◆ Required action ◆
Take the lines from the one with "This green goddess" to the end of the listing, both ends included, and quote them exactly, leaving pictures out.
BEGIN Raw data
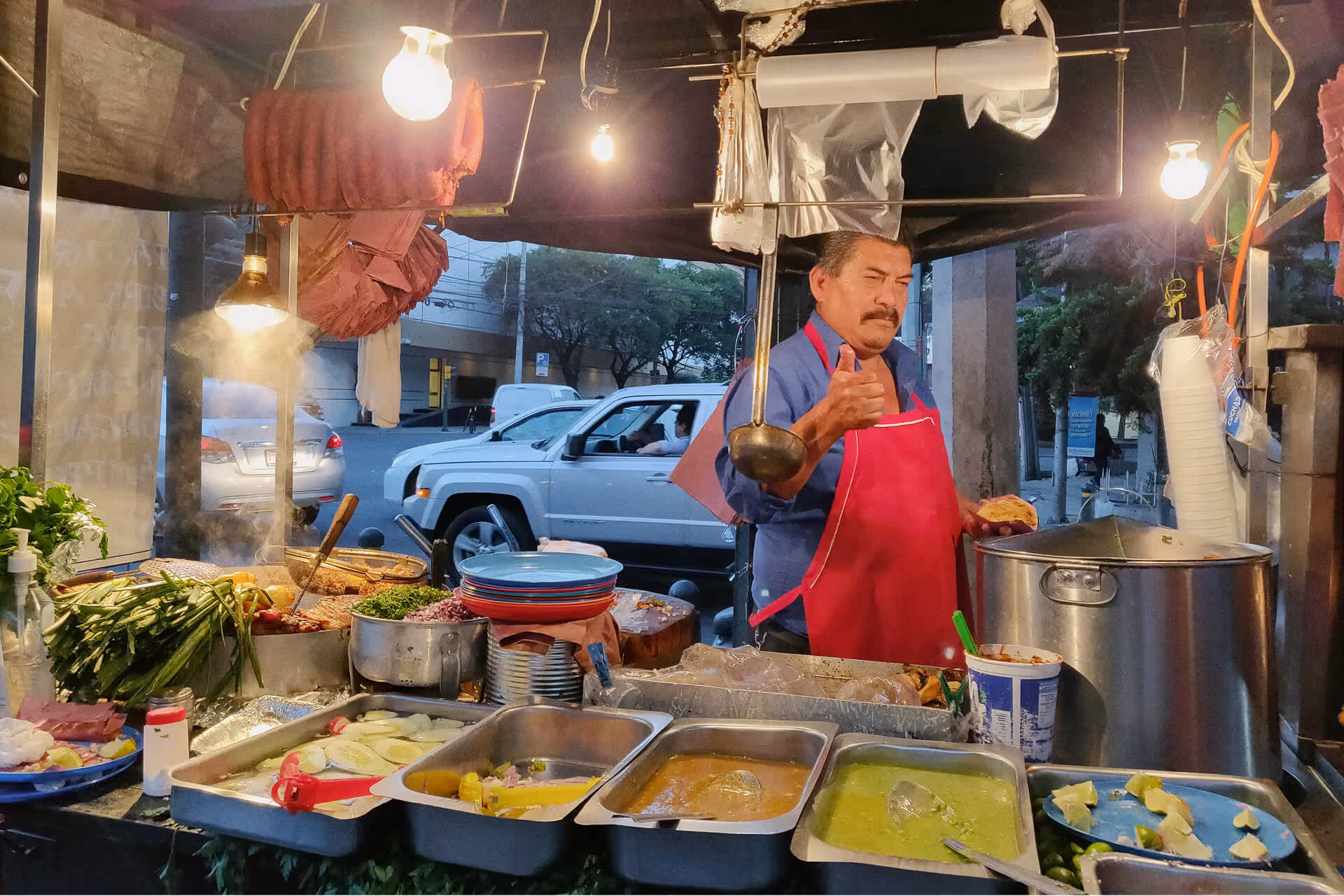 Mittendrin im Businessviertel Juarez befindet sich mein Arbeitsplatz. So navigiere ich mich jeden Morgen vorbei an diversen Foodständen, sehe zu wie sich die Anzugträger sitzend auf einem thronartigen Stuhl die Schuhe polieren lassen und passiere Kiosks die eine Markt-Nische gefunden haben: eine einzelne Zigarette für den Gelegenheitsraucher gefällig? Mein 20minütiger Arbeitsweg wird immer begleitet von einem (inzwischen etwas leidigem) Geruch von Mais. Denn hier brutzeln schon frühmorgens «Tamales» (ein typisch mexikanisches Frühstück bestehend aus Maisteig, Fleisch und Käse), «Tortas» (Sandwiches) und Tacos. Eines meiner Highlights sind die Fruchtstände an denen wahre Vitaminbomben über den Ladentisch gehen. Ob als Saft oder mit ordentlich Chili, Salz und Limette in einem Plastikbecher serviert. Auf jeden Fall «para llevar».
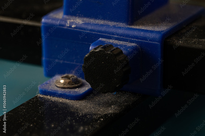 Close-up of a Blue Adjustment Knob on a Black Device with Dust Particles
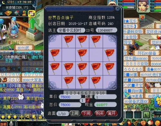 或许有玩家认为这种店铺不怎么赚钱,因为合成旗的利润很低,而且竞争还很大,其实这样的店铺一般前四间都是正常的合成旗,但是后面全部是一些特殊的合成旗,例如跑青龙用的、打宝图用的、刷活动用的、还有长安的全点覆盖的合成旗,这样的旗子价格是比正常的棋子要贵很多的,而且其他玩家也不出售,所以很多人只能在这里购买,另一个是在鬼区的话这种店铺是特别赚钱的,因为鬼区是没有人摆摊卖合成旗的,玩家想要买的话只能在店铺里买。
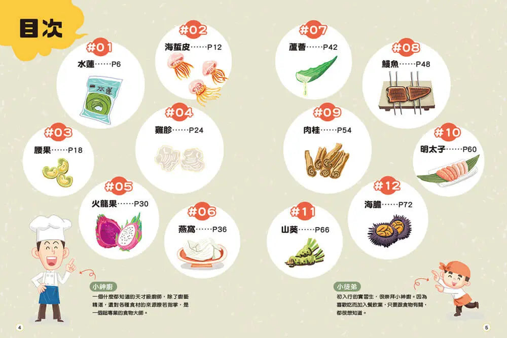 1.由什麼都知道的「小神廚」和傻傻跟班的「小徒弟」擔綱演出,介紹食材的來源以及趣味大小事。
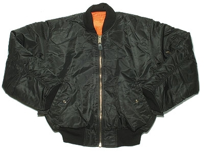 Pilot jacket made of wind- and water-repellent outer material with orange signal lining.
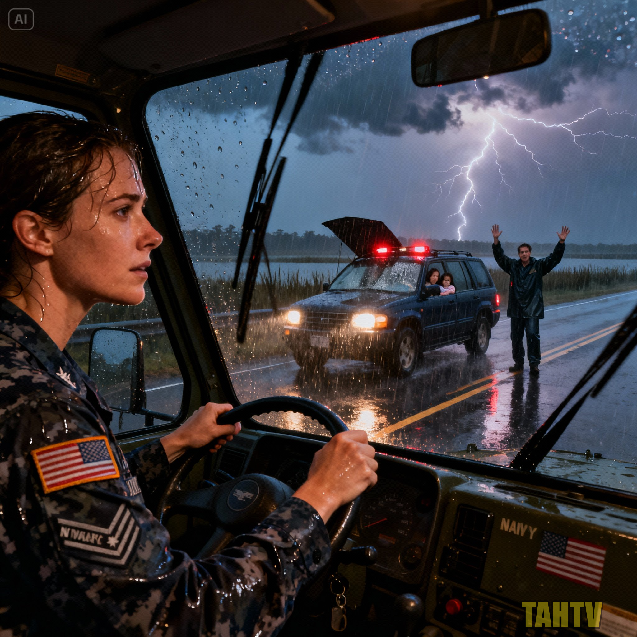 Behind him, through fogged glass, I caught a glimpse of a woman and a small child huddled together. My stomach tightened. Civilians stranded in the middle of nowhere during a category 2 storm. “Keep going,” I told myself. “Base is only 30 mi away. You’ll call it in once you’re safe.” But I didn’t accelerate.
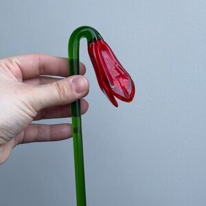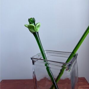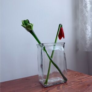 2 Vintage Flowers Murano Style Handblown Glass Valentines Day Gift w/ Vase
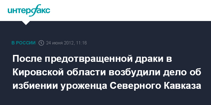 После предотвращенной драки в Кировской области возбудили дело об избиении уроженца Северного Кавказа
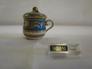 Tazza da crema ad orecchio con coperchio con pomolo a forma di frutto, a rilievo e dorato. Alla base vi sono arabeschi in oro e viola; al centro è posto un medaglione ellittico,delineato in oro, con tralcio di rose su fondo bianco e ghirlandina di foglie verdi. Ai lati del medaglione vi sono due foglie arcuate e foglioline su sfondo blu celeste. Sull'orlo delineatura di in oro. Coperchio decorato a girali in oro su sfondo blu celeste, fascia dorata e una violacea. La tazza appartiene al servizio donato nel 1786 all'arciduca Ferdinando d'Austria da Luigi XVI, la tazza è ensuite con la salsiera inv.948.
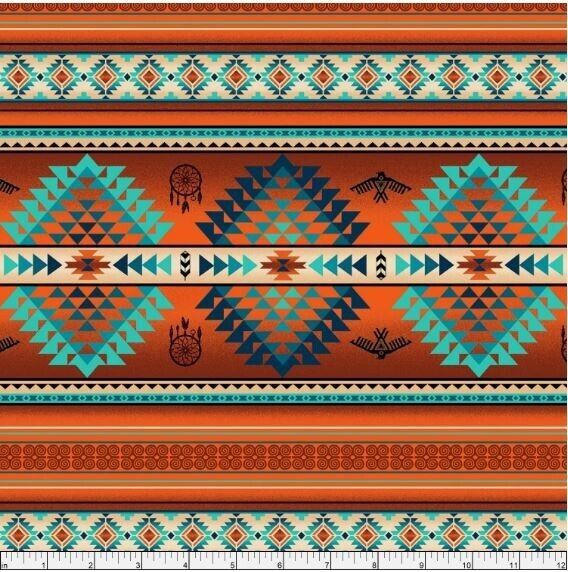 Cotton Southwestern Stripes Tribal Designs Dreamcatchers Feathers Tucson Orange Elizabeth Studios Cotton Fabric Print by the Yard (536-copper)
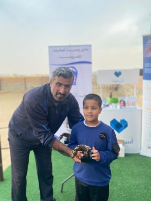 وفي نهاية البرنامج سلم مدير نادي ومدرسة العاديات للفروسية بآل سرحان الأستاذ ناصر السرحاني أبو ماجد أطفال التوحد جوائزهم
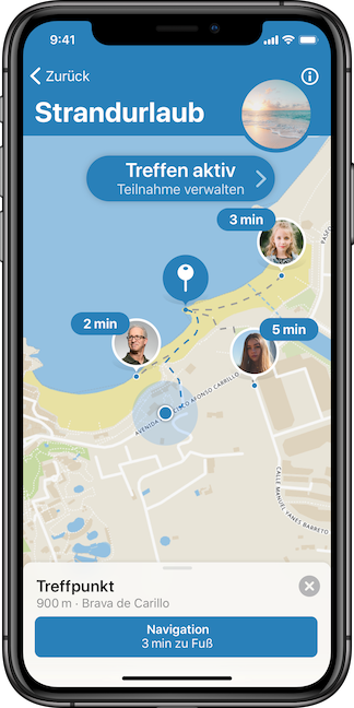 Ort auswählen und sehen, wann Familie, Freunde und Bekannte am Treffpunkt ankommen – nie wieder Fragen wie wo bleibst du?
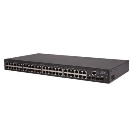 H3C S5130S-52S-EI. Tipo de interruptor: Gestionado, Capa del interruptor: L2. Puertos tipo básico de conmutación RJ-45 Ethernet: Gigabit Ethernet (10/100/1000), Cantidad de puertos básicos de conmutación RJ-45 Ethernet: 48. Bidireccional completo (Full duplex). Tabla de direcciones MAC: 16000 entradas, Capacidad de conmutación: 176 Gbit/s. Estándares de red: IEEE 802.1AX, IEEE 802.1D, IEEE 802.1Q, IEEE 802.1ab, IEEE 802.1ag, IEEE 802.1ak, IEEE 802.1p,.... Montaje en rack
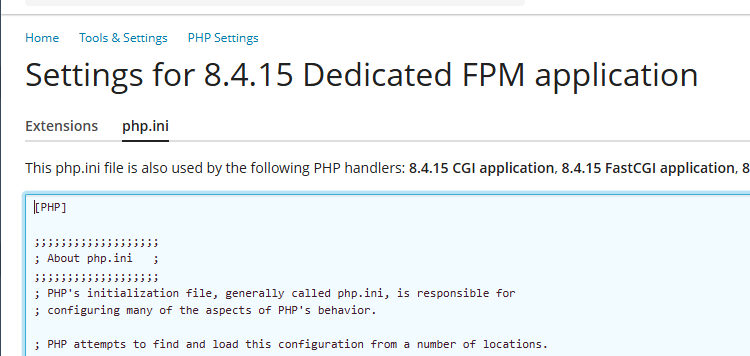 For each PHP version you want to turn the expose_php feature off, just click on one of the handlers and on the next screen click on php.ini tab. Note that PHP handlers for the same PHP version will share one php.ini file so you do not have to edit the file for each handler separately.
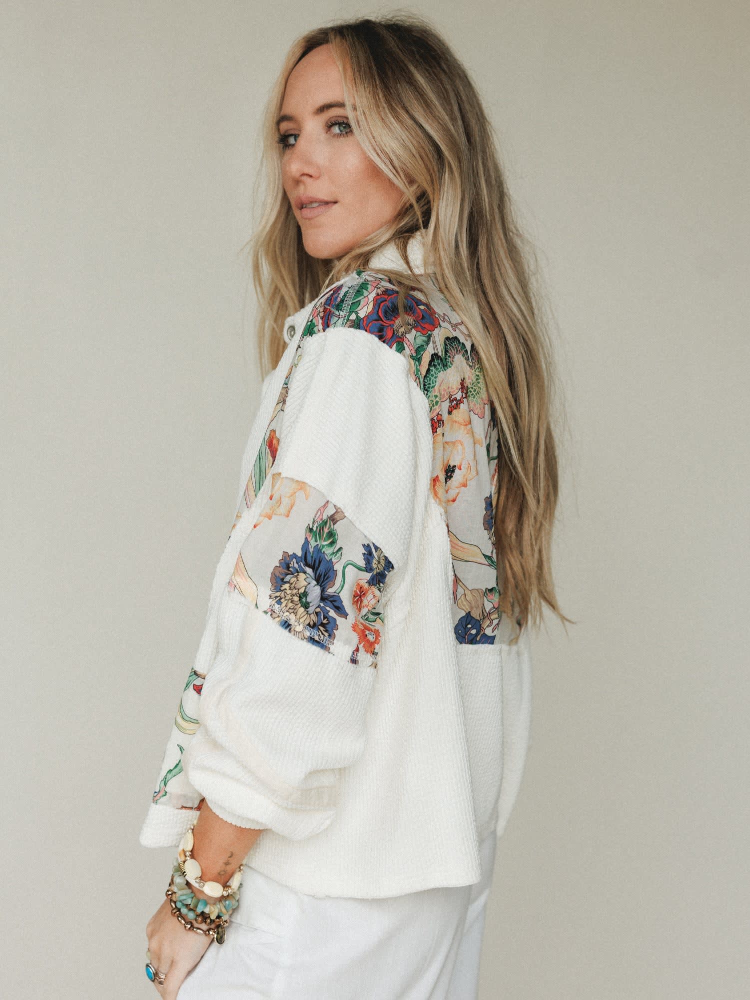 • Soft ivory textured fabric with colorful floral patchwork panels for a unique boho jacket look
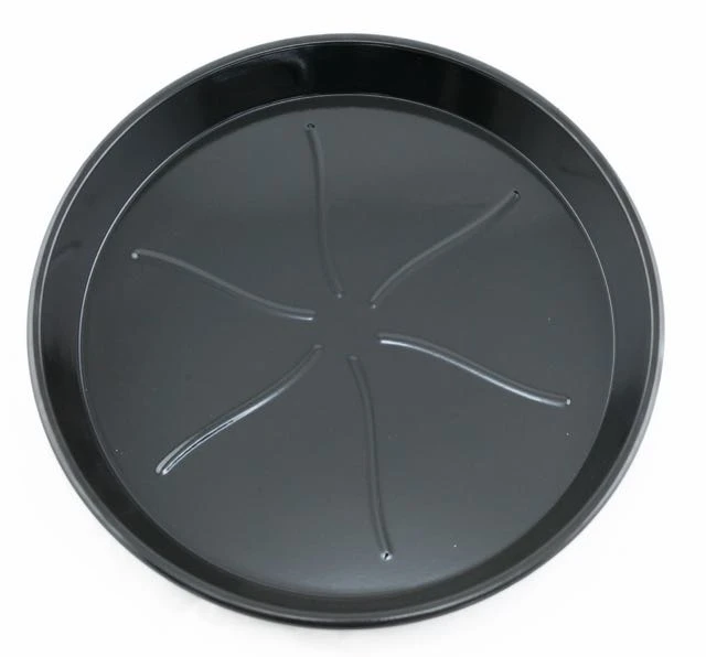 De ronde lekbak is van staal gemaakt en voorzien van een anti-aanbaklaag.
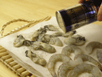 1.むき海老・カキはそれぞれ洗い、軽く塩・コショウをしキッチンペーパーで水気をよくきります。メインの食材の準備はこれでOK。
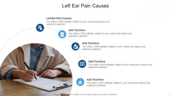 Introducing our well designed Left Ear Pain Causes In Powerpoint And Google Slides Cpb. This PowerPoint design presents information on topics like Left Ear Pain Causes. As it is predesigned it helps boost your confidence level. It also makes you a better presenter because of its high quality content and graphics. This PPT layout can be downloaded and used in different formats like PDF, PNG, and JPG. Not only this, it is available in both Standard Screen and Widescreen aspect ratios for your convenience. Therefore, click on the download button now to persuade and impress your audience. Our Left Ear Pain Causes In Powerpoint And Google Slides Cpb are topically designed to provide an attractive backdrop to any subject. Use them to look like a presentation pro.
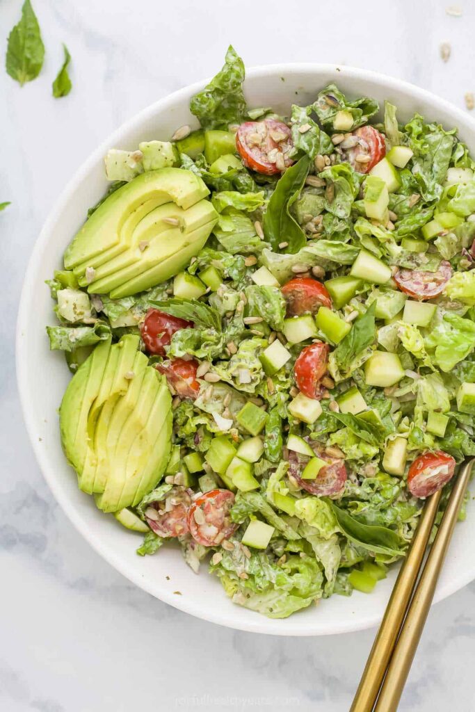 This green goddess salad is an insanely popular salad. It is made with tomatoes, cucumbers, avocado, sunflower seeds, and is tossed in a tasty homemade green goddess dressing that you won’t get enough of.
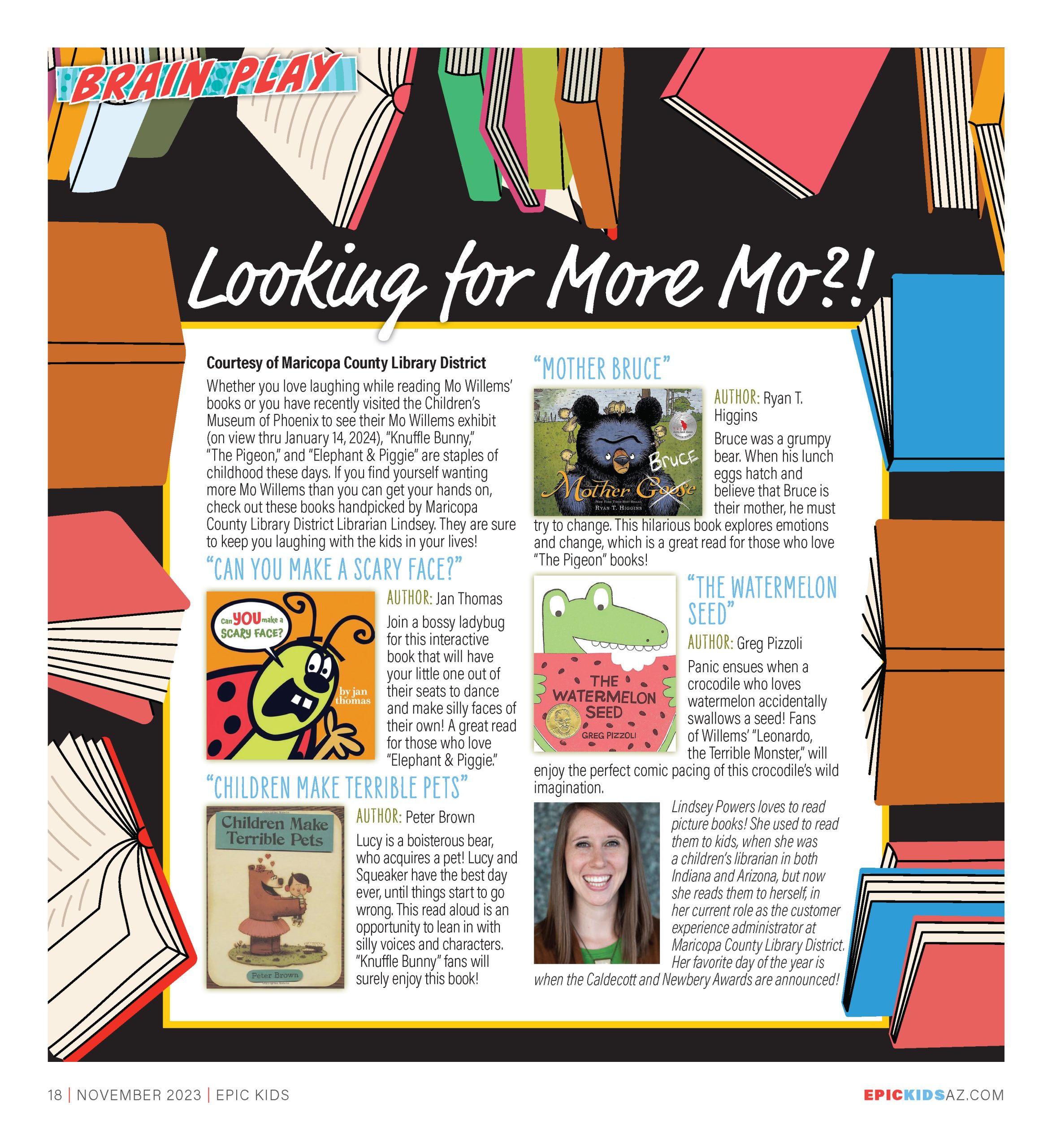 Whether you love laughing while reading Mo Willems’ books or you have recently visited the Children’s Museum of Phoenix to see their Mo Willems exhibit (on view thru January 14, 2024), “Knuffle Bunny,” “The Pigeon,” and “Elephant & Piggie” are staples of childhood these days. If you find yourself wanting more Mo Willems than you can get your hands on, check out these books handpicked by Maricopa County Library District librarian Lindsey. They are sure to keep you laughing with the kids in your lives!
END Raw data
◆ Response to this task ◆
 This green goddess salad is an insanely popular salad. It is made with tomatoes, cucumbers, avocado, sunflower seeds, and is tossed in a tasty homemade green goddess dressing that you won’t get enough of.
 Whether you love laughing while reading Mo Willems’ books or you have recently visited the Children’s Museum of Phoenix to see their Mo Willems exhibit (on view thru January 14, 2024), “Knuffle Bunny,” “The Pigeon,” and “Elephant & Piggie” are staples of childhood these days. If you find yourself wanting more Mo Willems than you can get your hands on, check out these books handpicked by Maricopa County Library District librarian Lindsey. They are sure to keep you laughing with the kids in your lives!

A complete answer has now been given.